> [About this task] Please write out the listing exactly, leaving each picture out.

> [Raw data]
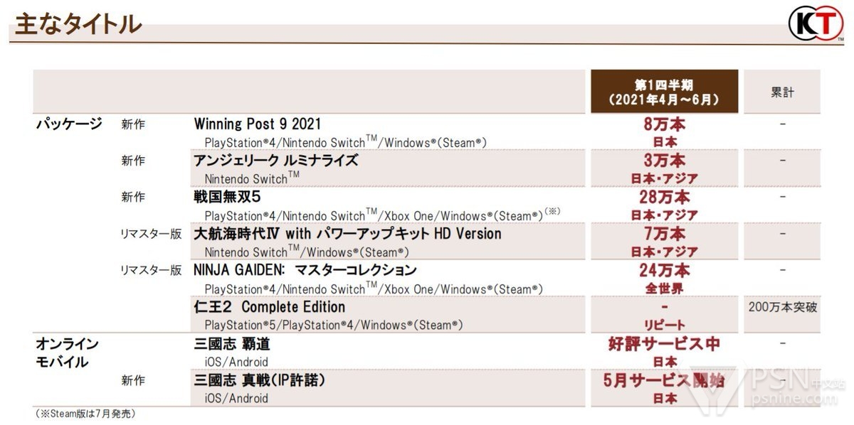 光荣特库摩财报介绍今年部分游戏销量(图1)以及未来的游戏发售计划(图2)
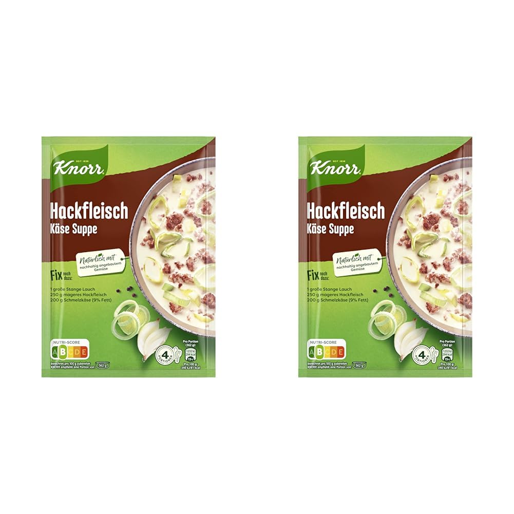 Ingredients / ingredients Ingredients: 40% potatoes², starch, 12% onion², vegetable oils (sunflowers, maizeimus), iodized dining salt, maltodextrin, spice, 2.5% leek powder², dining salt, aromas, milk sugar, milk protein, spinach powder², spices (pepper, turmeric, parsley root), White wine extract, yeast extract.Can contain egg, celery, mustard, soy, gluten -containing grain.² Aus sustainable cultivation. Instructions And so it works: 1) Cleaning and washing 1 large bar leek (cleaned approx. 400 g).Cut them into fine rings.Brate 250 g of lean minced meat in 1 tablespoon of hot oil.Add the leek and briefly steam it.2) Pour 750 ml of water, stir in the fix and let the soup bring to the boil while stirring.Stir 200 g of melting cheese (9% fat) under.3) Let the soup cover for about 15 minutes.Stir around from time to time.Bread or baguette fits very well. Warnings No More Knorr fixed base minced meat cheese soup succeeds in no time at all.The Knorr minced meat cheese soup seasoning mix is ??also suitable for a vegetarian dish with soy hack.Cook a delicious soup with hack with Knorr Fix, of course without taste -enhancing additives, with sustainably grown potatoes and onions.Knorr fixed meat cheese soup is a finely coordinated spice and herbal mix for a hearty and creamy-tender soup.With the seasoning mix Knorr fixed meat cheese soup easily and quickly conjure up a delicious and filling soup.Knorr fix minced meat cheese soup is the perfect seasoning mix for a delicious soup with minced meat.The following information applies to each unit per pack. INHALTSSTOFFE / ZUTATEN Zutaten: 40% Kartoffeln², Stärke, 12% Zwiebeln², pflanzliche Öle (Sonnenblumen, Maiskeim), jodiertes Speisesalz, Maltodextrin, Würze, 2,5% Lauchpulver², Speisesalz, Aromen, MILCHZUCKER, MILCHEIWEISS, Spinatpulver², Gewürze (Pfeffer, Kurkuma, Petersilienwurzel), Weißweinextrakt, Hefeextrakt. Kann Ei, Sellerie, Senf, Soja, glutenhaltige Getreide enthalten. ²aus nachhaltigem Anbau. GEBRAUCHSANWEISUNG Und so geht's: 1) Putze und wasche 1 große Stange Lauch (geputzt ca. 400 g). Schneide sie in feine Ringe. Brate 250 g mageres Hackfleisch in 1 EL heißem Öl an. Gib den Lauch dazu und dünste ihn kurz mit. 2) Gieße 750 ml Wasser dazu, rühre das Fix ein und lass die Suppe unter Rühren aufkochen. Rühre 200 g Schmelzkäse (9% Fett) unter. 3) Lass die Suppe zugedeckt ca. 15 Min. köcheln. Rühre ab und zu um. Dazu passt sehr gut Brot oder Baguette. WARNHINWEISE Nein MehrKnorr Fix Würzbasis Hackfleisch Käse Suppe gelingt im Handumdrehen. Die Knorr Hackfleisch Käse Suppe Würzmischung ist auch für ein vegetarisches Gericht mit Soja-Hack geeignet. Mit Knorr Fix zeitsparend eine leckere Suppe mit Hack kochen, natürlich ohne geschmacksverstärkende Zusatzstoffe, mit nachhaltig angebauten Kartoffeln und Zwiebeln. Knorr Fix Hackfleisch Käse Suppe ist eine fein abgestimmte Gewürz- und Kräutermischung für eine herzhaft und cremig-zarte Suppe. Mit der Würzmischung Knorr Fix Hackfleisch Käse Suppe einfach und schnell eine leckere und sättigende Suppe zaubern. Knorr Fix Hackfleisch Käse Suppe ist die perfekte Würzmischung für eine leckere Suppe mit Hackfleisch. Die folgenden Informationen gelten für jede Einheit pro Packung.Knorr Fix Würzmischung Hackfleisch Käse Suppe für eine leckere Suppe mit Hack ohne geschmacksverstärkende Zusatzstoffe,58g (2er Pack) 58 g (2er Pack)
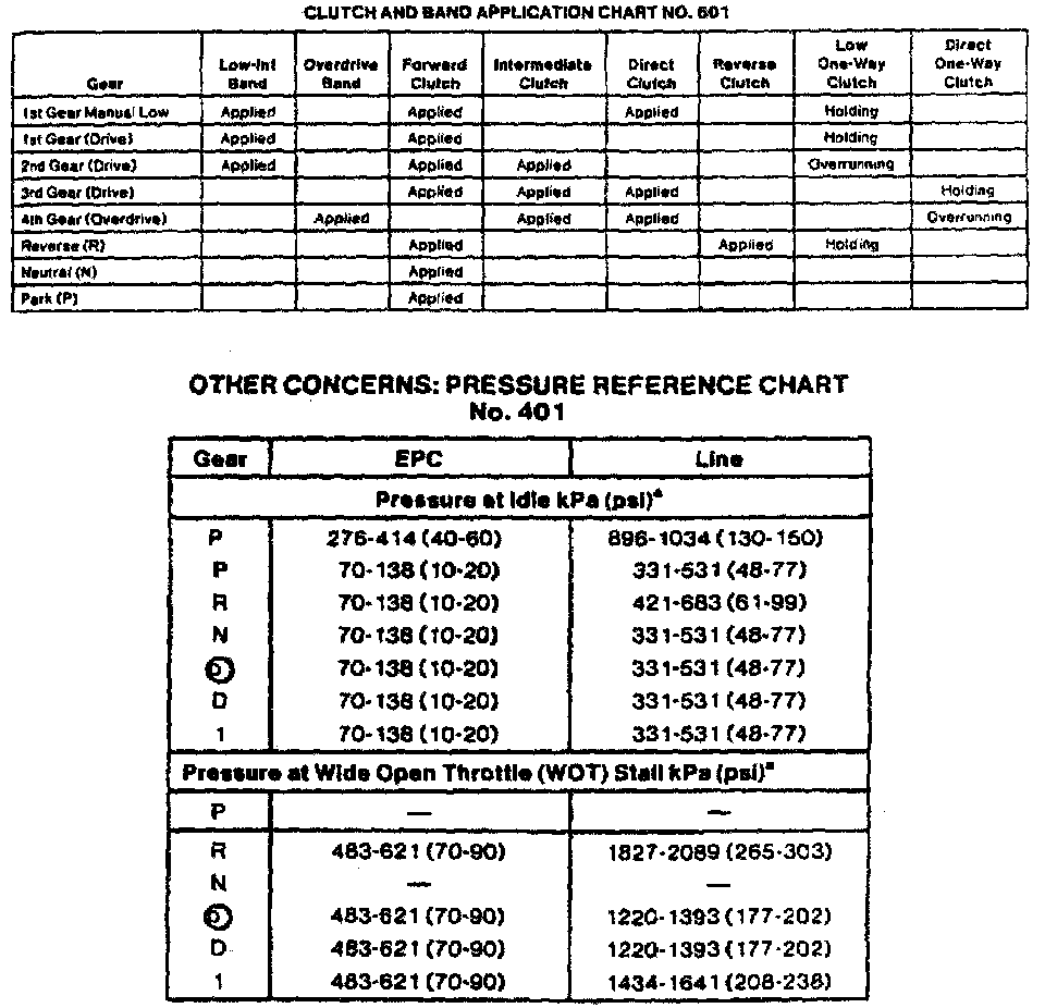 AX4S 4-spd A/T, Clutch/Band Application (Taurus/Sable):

> [Task response]
 光荣特库摩财报介绍今年部分游戏销量(图1)以及未来的游戏发售计划(图2)
 Ingredients / ingredients Ingredients: 40% potatoes², starch, 12% onion², vegetable oils (sunflowers, maizeimus), iodized dining salt, maltodextrin, spice, 2.5% leek powder², dining salt, aromas, milk sugar, milk protein, spinach powder², spices (pepper, turmeric, parsley root), White wine extract, yeast extract.Can contain egg, celery, mustard, soy, gluten -containing grain.² Aus sustainable cultivation. Instructions And so it works: 1) Cleaning and washing 1 large bar leek (cleaned approx. 400 g).Cut them into fine rings.Brate 250 g of lean minced meat in 1 tablespoon of hot oil.Add the leek and briefly steam it.2) Pour 750 ml of water, stir in the fix and let the soup bring to the boil while stirring.Stir 200 g of melting cheese (9% fat) under.3) Let the soup cover for about 15 minutes.Stir around from time to time.Bread or baguette fits very well. Warnings No More Knorr fixed base minced meat cheese soup succeeds in no time at all.The Knorr minced meat cheese soup seasoning mix is ??also suitable for a vegetarian dish with soy hack.Cook a delicious soup with hack with Knorr Fix, of course without taste -enhancing additives, with sustainably grown potatoes and onions.Knorr fixed meat cheese soup is a finely coordinated spice and herbal mix for a hearty and creamy-tender soup.With the seasoning mix Knorr fixed meat cheese soup easily and quickly conjure up a delicious and filling soup.Knorr fix minced meat cheese soup is the perfect seasoning mix for a delicious soup with minced meat.The following information applies to each unit per pack. INHALTSSTOFFE / ZUTATEN Zutaten: 40% Kartoffeln², Stärke, 12% Zwiebeln², pflanzliche Öle (Sonnenblumen, Maiskeim), jodiertes Speisesalz, Maltodextrin, Würze, 2,5% Lauchpulver², Speisesalz, Aromen, MILCHZUCKER, MILCHEIWEISS, Spinatpulver², Gewürze (Pfeffer, Kurkuma, Petersilienwurzel), Weißweinextrakt, Hefeextrakt. Kann Ei, Sellerie, Senf, Soja, glutenhaltige Getreide enthalten. ²aus nachhaltigem Anbau. GEBRAUCHSANWEISUNG Und so geht's: 1) Putze und wasche 1 große Stange Lauch (geputzt ca. 400 g). Schneide sie in feine Ringe. Brate 250 g mageres Hackfleisch in 1 EL heißem Öl an. Gib den Lauch dazu und dünste ihn kurz mit. 2) Gieße 750 ml Wasser dazu, rühre das Fix ein und lass die Suppe unter Rühren aufkochen. Rühre 200 g Schmelzkäse (9% Fett) unter. 3) Lass die Suppe zugedeckt ca. 15 Min. köcheln. Rühre ab und zu um. Dazu passt sehr gut Brot oder Baguette. WARNHINWEISE Nein MehrKnorr Fix Würzbasis Hackfleisch Käse Suppe gelingt im Handumdrehen. Die Knorr Hackfleisch Käse Suppe Würzmischung ist auch für ein vegetarisches Gericht mit Soja-Hack geeignet. Mit Knorr Fix zeitsparend eine leckere Suppe mit Hack kochen, natürlich ohne geschmacksverstärkende Zusatzstoffe, mit nachhaltig angebauten Kartoffeln und Zwiebeln. Knorr Fix Hackfleisch Käse Suppe ist eine fein abgestimmte Gewürz- und Kräutermischung für eine herzhaft und cremig-zarte Suppe. Mit der Würzmischung Knorr Fix Hackfleisch Käse Suppe einfach und schnell eine leckere und sättigende Suppe zaubern. Knorr Fix Hackfleisch Käse Suppe ist die perfekte Würzmischung für eine leckere Suppe mit Hackfleisch. Die folgenden Informationen gelten für jede Einheit pro Packung.Knorr Fix Würzmischung Hackfleisch Käse Suppe für eine leckere Suppe mit Hack ohne geschmacksverstärkende Zusatzstoffe,58g (2er Pack) 58 g (2er Pack)
 AX4S 4-spd A/T, Clutch/Band Application (Taurus/Sable):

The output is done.